It was Allen Ginsberg’s birthday the other day. He would have been 94.
Allen loved our part of the world. He kept a compound just north of the Catskills for decades. He spent many retreats at the Zen Mountain Monastery in Mount Tremper, where he’d read on a regular basis. He read and sang with his friend Ed Sanders at the Bearsville Barn. One of the great cultural events I’ve ever attended was an event at Columbia-Greene Community College, where he had an SRO crowd chanting in tears, welcoming the beauty of mortality.
“AH” was how he’d inscribe his books, the letters within a simple flower risen from a skull. He’d take the time to listen to everyone who approached him, and he had a prodigious memory for people’s names and faces.

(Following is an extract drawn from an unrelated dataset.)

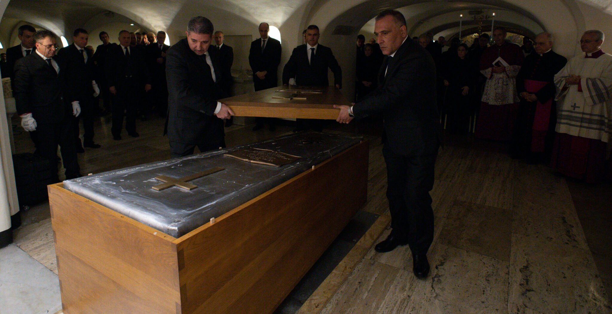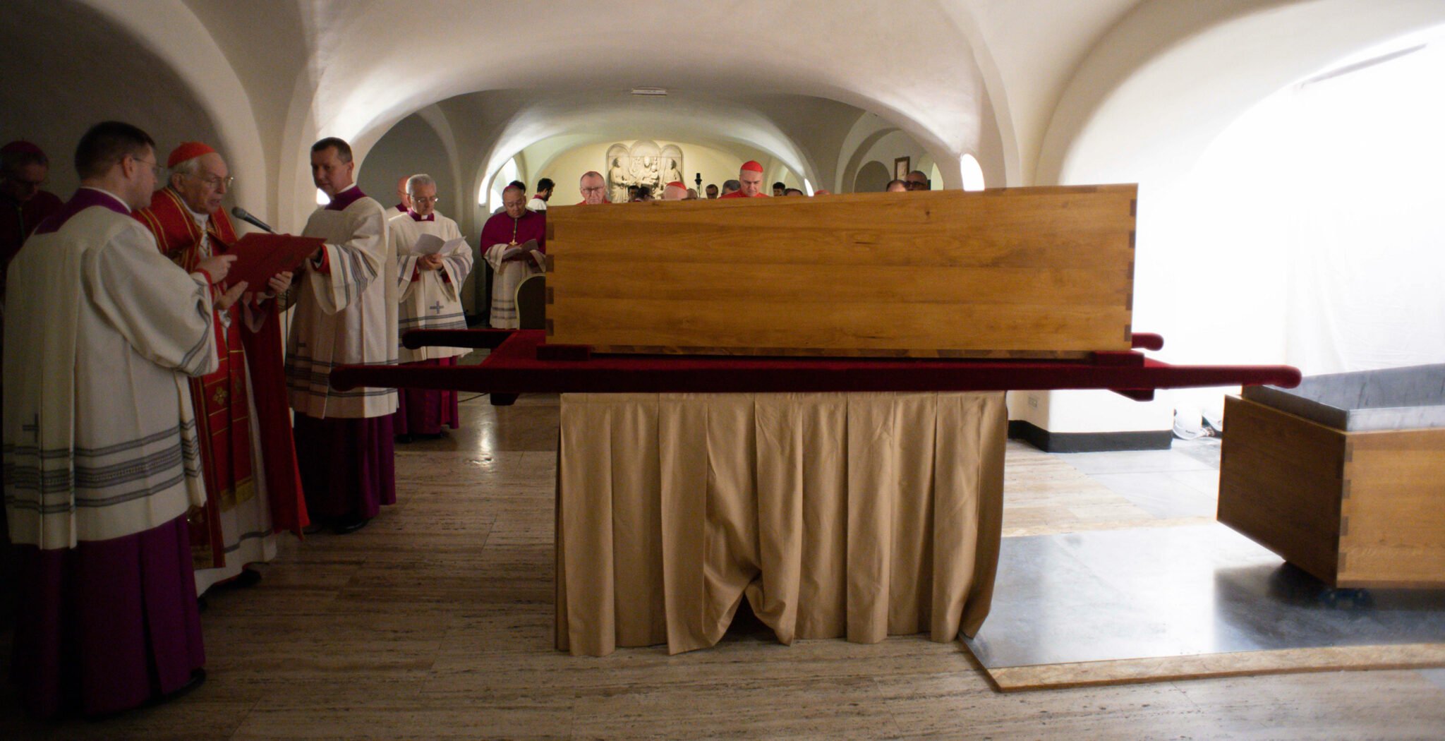 El cuerpo sin vida de Benedicto XVI yace en la sepultura que en su día ocuparan dos de sus predecesores, como Juan XXIII y Juan Pablo II, a este último, Joseph Ratzinger fue el encargado de despedir en un funeral presidido por él como decano del Colegio cardenalicio el 8 de abril de 2005. Antes de ser inhumado, siguiendo la tradición, el ataúd de ciprés forrado de terciopelo carmesí que se empleó en la misa fue introducido en un segundo féretro de zinc sellado y lacrado y este tercer en otro de madera de olmo. Algo que los fotógrafos de los medios vaticanos han inmortalizado y que el cabildo de San Pedro ha velado para que así se haga correctamente.

There was something in the sky, this week, that reminded me of the April 1997 morning when we heard Allen Ginsberg had died. It was preternaturally hot, with splotches of dirty snow still spotting the landscape. We walked through the cemetery that surrounded my house and out through the long plateau of fields that signaled our Catskills valley’s long history to an old maple by a fast-racing brook. We sat on moss, among newly rising field grass and the first burst of spring flowers, and read from his collected poems.
Ginsberg could be a messy poet, but like his predecessor Walt Whitman he always wrote and spoke from the heart, from a perspective that balanced current affairs with something more eternal, be it painful or cathartic.
I don’t like the government where I live
I don’t like dictatorship of the Rich
I don’t like bureaucrats telling me what to eat
I don’t like Police dogs sniffing around my feet
We recited from a little known work, “Capitol Air,” that some of us remembered hearing being performed before a punk audience with the Clash during their 1980 stand at Bond’s in Times Square.
Aware Aware wherever you are No Fear
Trust your heart Don’t ride your Paranoia dear
Breathe together with an ordinary mind
Armed with Humor Feed & Help Enlighten Woe Mankind
There are so many who could help us through these times: political leaders, moral leaders, poets, family. Summon whom we can, I say. Summon them all, so we can make it through to that flowering “AH.”